Maybe I’m a Presbyterian, Jim thought. He was squintless.
“As we know,” John Calvin said, “God in His wisdom and His mercy has granted Grace Everlasting to some of us, and Damnation to others. We are all mortally bound to the Original Sin and we share equally the depravity of the Human Condition, and His choice has nothing to do with our little world, and everything to do with His mercy. The difficulty we face, following the crack in the Firmament – ”
Jim shrank.
“ – is that everyone is now in Paradise. It has been established theologically that this is not the will of the Creator, and something must be done.
“Lacking the authority to deliver Damnation, and being naturally opposed to it for the frailty of our Condition, there is but one path to Reconciliation with God. Half of our number must sit uncomfortably in chilled buckets of water until the Firmament is mended. We shall make this sacrifice in shifts not less than twelve and not exceeding forty days. And if there any anemics here, or any other persons ill-disposed to chilled buckets of water, please give your name to Mrs. Roy at the front desk. We thank God for His Patience and for giving us this Wisdom. Amen.”
Michael stopped Jim at the exit.
“Jim! At least stay and finish the cake. There’s a whole half left!”
“It’s too sweet,” Jim said.
***
She sat in a mortar hole, her back against the charred and blasted ground. Light played across her through the branches of a broken tree. She was Gabriella where the light touched her, and Lucy in the shade.
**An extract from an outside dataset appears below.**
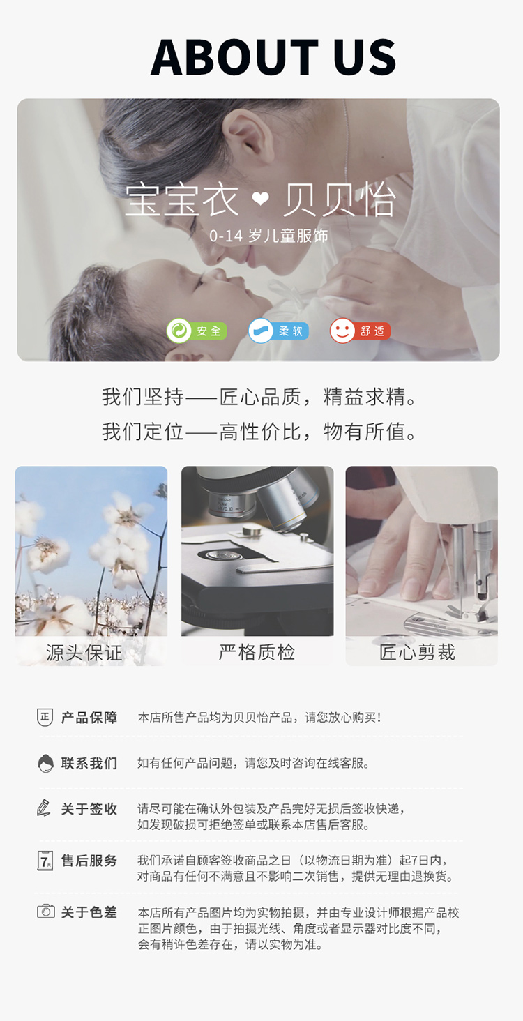 - 贝贝怡专注0-6岁婴幼儿服饰,坚持安全、柔软、舒适的产品理念,为千万中国家庭提供超高品质、安全可靠的婴幼儿服饰产品,妈妈放心,宝宝开心!

“They love this war,” she said.
Jim sat down next to her. The ground was still warm from the explosion.
“They love it more than the lie. They will never stop fighting.”
“I think the ones that aren’t fighting scare me the most,” Jim said. “You know, I swear there’s a guy that could set everybody straight.”
“I made a promise,” she said.
The ground shook beneath sound of faraway devastation. There were shouts, and someone blew a battle horn that belonged in a fantasy novel.
“How long can the angels contain it?”
“Not forever,” she said. She turned to him, and the light made a diagonal cut through her face. A sad eye for the angel and fury in the devil’s. “What do I do, Jim? Break a promise made to a friend, or let this war of fools consume Paradise?”
Jim sighed like a blowfish and shrugged.
With the painted fingers of the devil she pulled from the angel’s pocket a folded and tattered paper, yellowed with age. She handed it to Jim and he unfolded it. It was a map of Paradise, marked neatly with triangle mountains, curving rivers, loops for clouds, dotted cities. Left of center was scrawled an X, with the caption, Christ be here.
“Well, that settles it then,” Jim said, standing. “It’s time to find Jesus.”